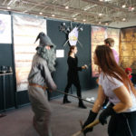 che pur reduci da FantastikA, non si sono risparmiati e hanno contribuito alla riuscita anche di quest’impresa, con la consueta disponibilità e l’amicizia che regna sovrana in tutte le nostre iniziative. Anche se lo spazio allo stand era minore rispetto all’anno scorso, alla fine grazie alla collaborazione tra associazioni tutto è andato per il meglio, e siamo riusciti a offrire ai visitatori una bella esperienza: anche solo visivamente, cosa meglio di spade e spadaccini potrebbe accostarsi a libri, costumi e disegni tolkieniani?
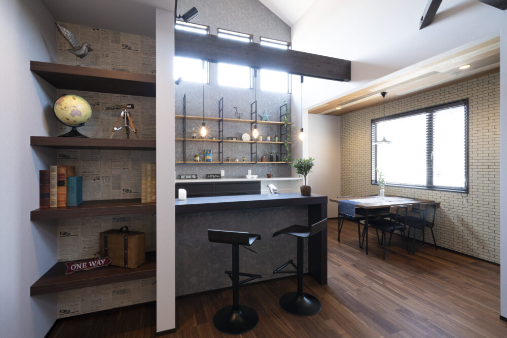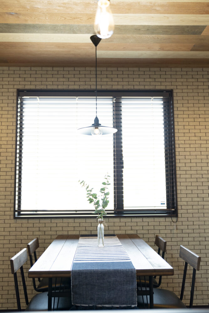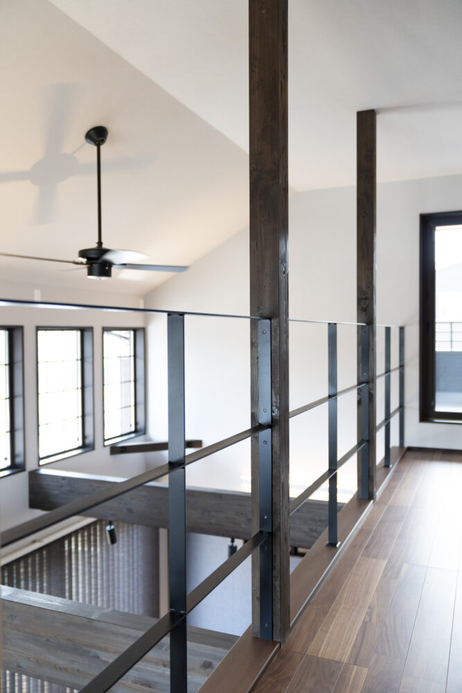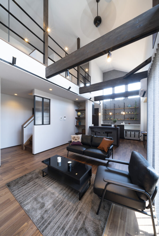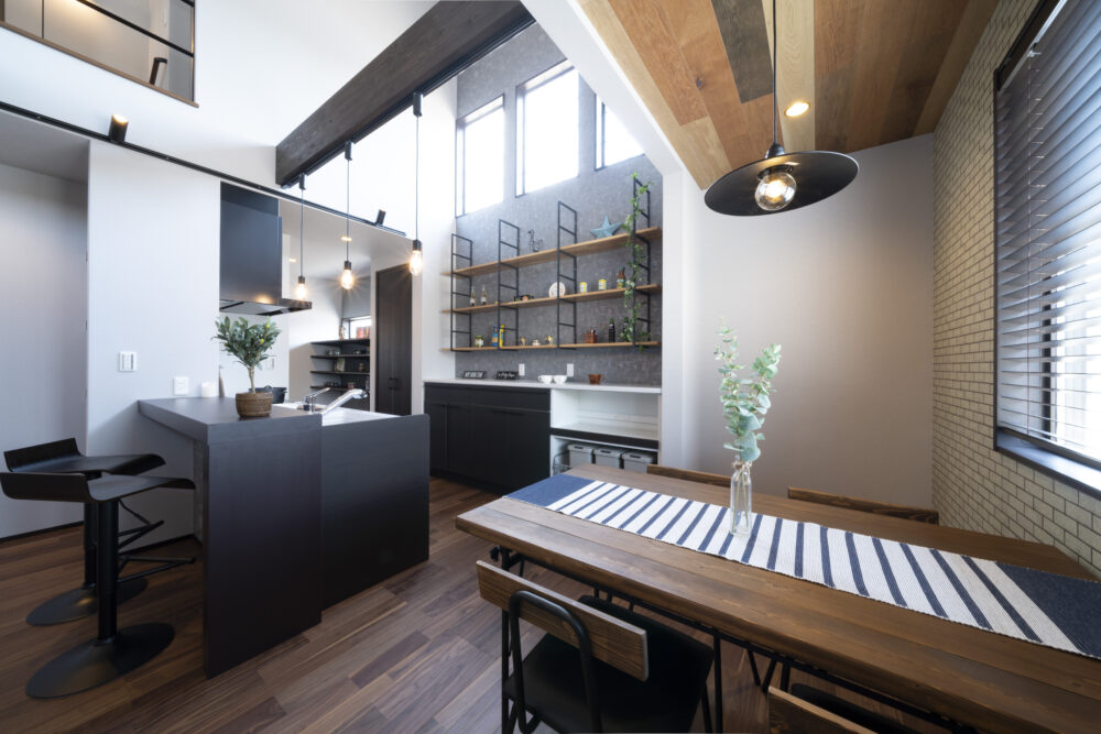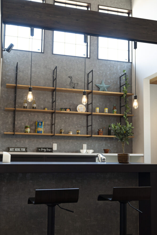 「男前なインダストリアルテイストの家」をテーマにデザイン。メインの壁紙には白ではなくグレーを採用し、武骨で無機質な質感のアイアンや、電球がむき出しのペンダントライト、格子窓なども相まってほどよいヴィンテージ感をつくります。全体的に落ち着いた色合いの内装ですが、LDKは吹抜けで窓も多く設けることで、明るさにもしっかりこだわりました。
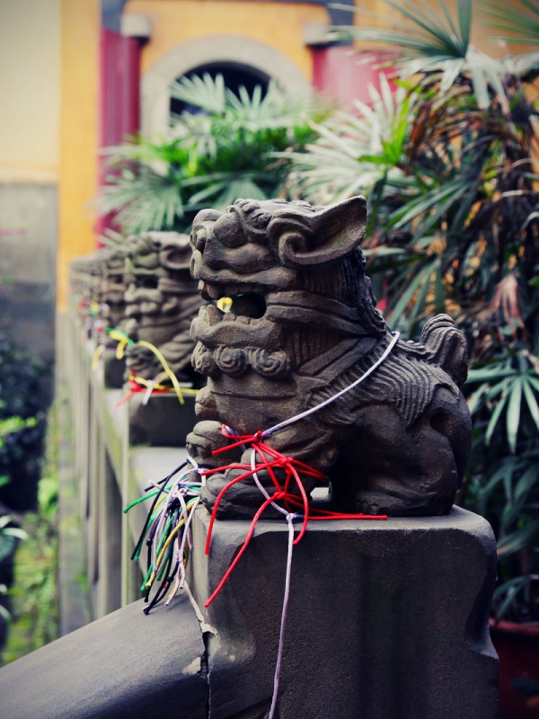 Look up when you go in. The dragon-head brackets at the eaves are all aimed seaward—this is known to the locals as “Great Dragon Locks the River.” It’s designed to keep the waters calm and the homeland safe. The woodwork here is spectacular, the kind of thing that you don’t see any more. These elaborate carvings were not produced by machine. Someone spent months on each one.
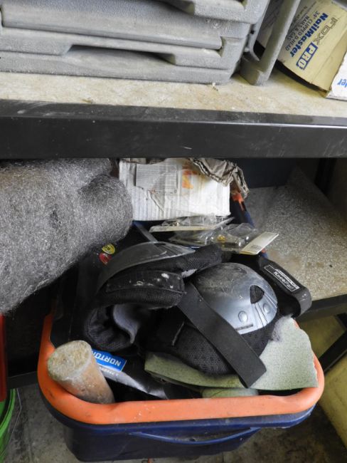 *Box Containing Assorted Hand Tools, Kneeling Pads, etc.
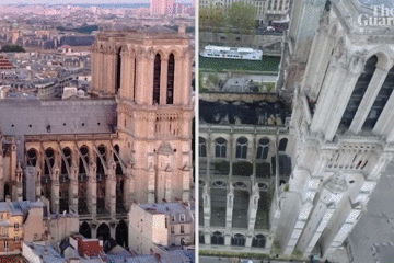 左邊為完好的聖母院,右邊為燒燬後的現場
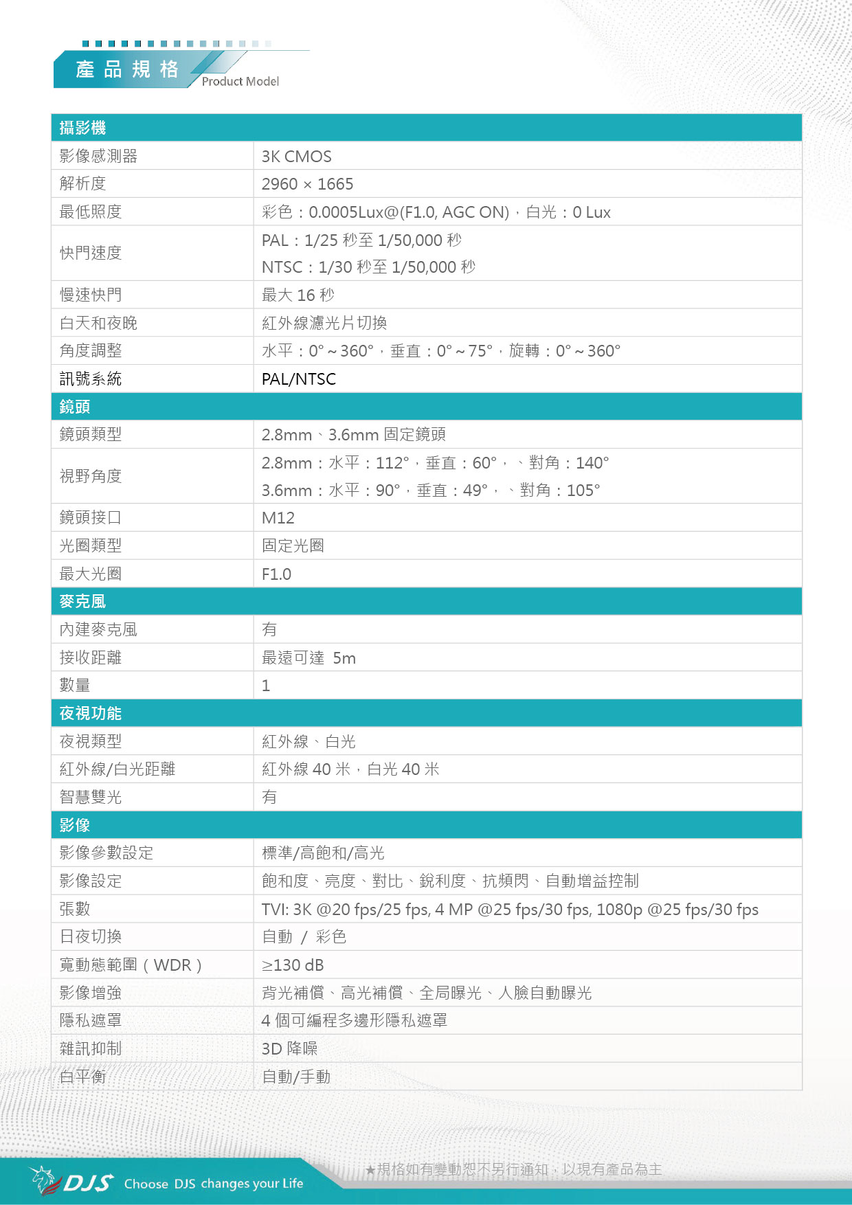 | 鏡頭類型 | 2.8mm 、 3.6mm 固定鏡頭 | |||
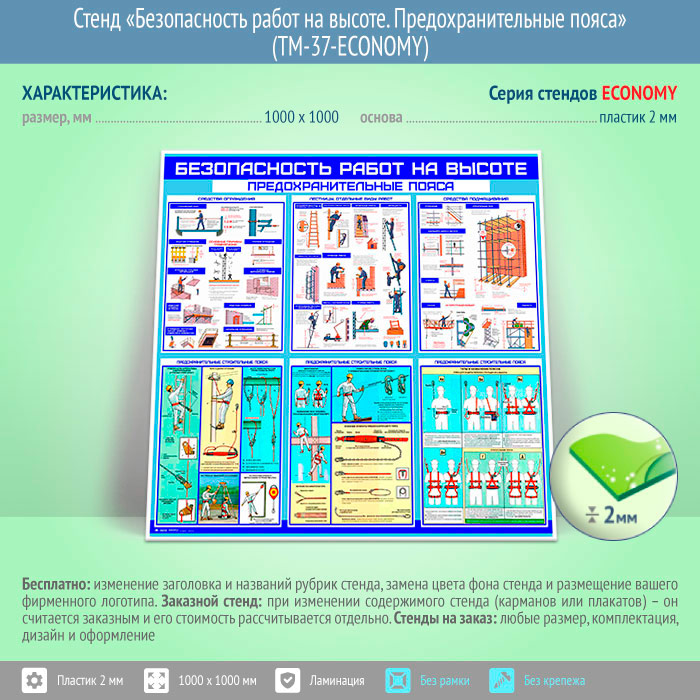 Стенд «Безопасность работ на высоте. Предохранительные пояса» (TM-37-ECONOMY) в Москве купить
+++
● Instructions to follow
Exclude every image and return the material above exactly.

● Task answer
 che pur reduci da FantastikA, non si sono risparmiati e hanno contribuito alla riuscita anche di quest’impresa, con la consueta disponibilità e l’amicizia che regna sovrana in tutte le nostre iniziative. Anche se lo spazio allo stand era minore rispetto all’anno scorso, alla fine grazie alla collaborazione tra associazioni tutto è andato per il meglio, e siamo riusciti a offrire ai visitatori una bella esperienza: anche solo visivamente, cosa meglio di spade e spadaccini potrebbe accostarsi a libri, costumi e disegni tolkieniani?
 「男前なインダストリアルテイストの家」をテーマにデザイン。メインの壁紙には白ではなくグレーを採用し、武骨で無機質な質感のアイアンや、電球がむき出しのペンダントライト、格子窓なども相まってほどよいヴィンテージ感をつくります。全体的に落ち着いた色合いの内装ですが、LDKは吹抜けで窓も多く設けることで、明るさにもしっかりこだわりました。
 Look up when you go in. The dragon-head brackets at the eaves are all aimed seaward—this is known to the locals as “Great Dragon Locks the River.” It’s designed to keep the waters calm and the homeland safe. The woodwork here is spectacular, the kind of thing that you don’t see any more. These elaborate carvings were not produced by machine. Someone spent months on each one.
 *Box Containing Assorted Hand Tools, Kneeling Pads, etc.
 左邊為完好的聖母院,右邊為燒燬後的現場
 | 鏡頭類型 | 2.8mm 、 3.6mm 固定鏡頭 | |||
 Стенд «Безопасность работ на высоте. Предохранительные пояса» (TM-37-ECONOMY) в Москве купить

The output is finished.